Riduzioni del salario, estensione della derogabilità e limitazioni al diritto di sciopero. Questi i tre motivi che hanno indotto la Cgil a non firmare l’accordo quadro sulla riforma dei contratti. A spiegarlo è stato il segretario generale del maggiore sindacato italiano, Guglielmo Epifani, intervenendo all’assemblea dei quadri e delegati della Fillea in corso a Milano.

A suo giudizio, “l’accordo è figlio della paura, divide, non dà certezza a lavoratori e imprese, non costruisce regole condivise, ma può aprire una stagione di disunione e conflitto”. A chi giova un accordo del genere, si è poi chiesto Epifani, “quando tutti i lavoratori chiedono unità? Lo dico a Cisl e Uil: perché dividersi ora? Quale urgenza c’era?”
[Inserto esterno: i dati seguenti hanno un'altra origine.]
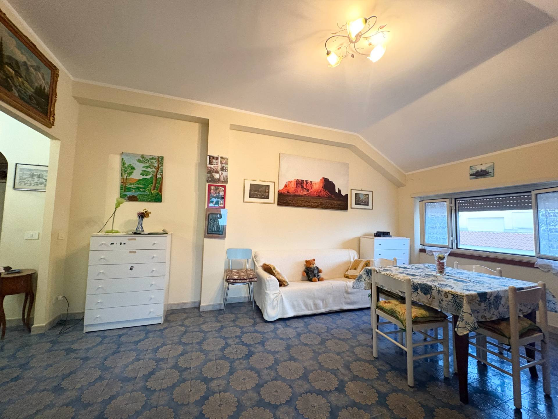 L'immobile composto da ingresso, ampio salone con uscita al delizioso terrazzo chiuso vista mare, camera matrimoniale, cucina abitabile e servizio finestrati.

Epifani ha dunque sollecitato un confronto sul merito insistendo sulla richiesta di sottoporre l'intesa di Palazzo Chigi a un referendum: “Quando sono accordi che riguardano temi generali, possibile che non si possa chiedere un giudizio ai lavoratori? Se dicono che va bene, la Cgil dirà che va bene. Se non fosse così, quale forma di democrazia Cgil, Cisl e Uil immaginano?”.

Ha poi aggiunto il leader sindacale: “Veniamo definiti ideologici, ma io vedo una spinta ideologica in altre posizioni: come definire quel ministro che dice che la Cgil è un avversario? Che cosa c’entra la logica amico-nemico quando si parla di democrazia? Torno a dire – ha concluso – che l’accordo è frutto della scelta esplicita del governo d’indebolire il sindacato, dividere i lavoratori durante la crisi e provare a relegare la Cgil in un angolo”.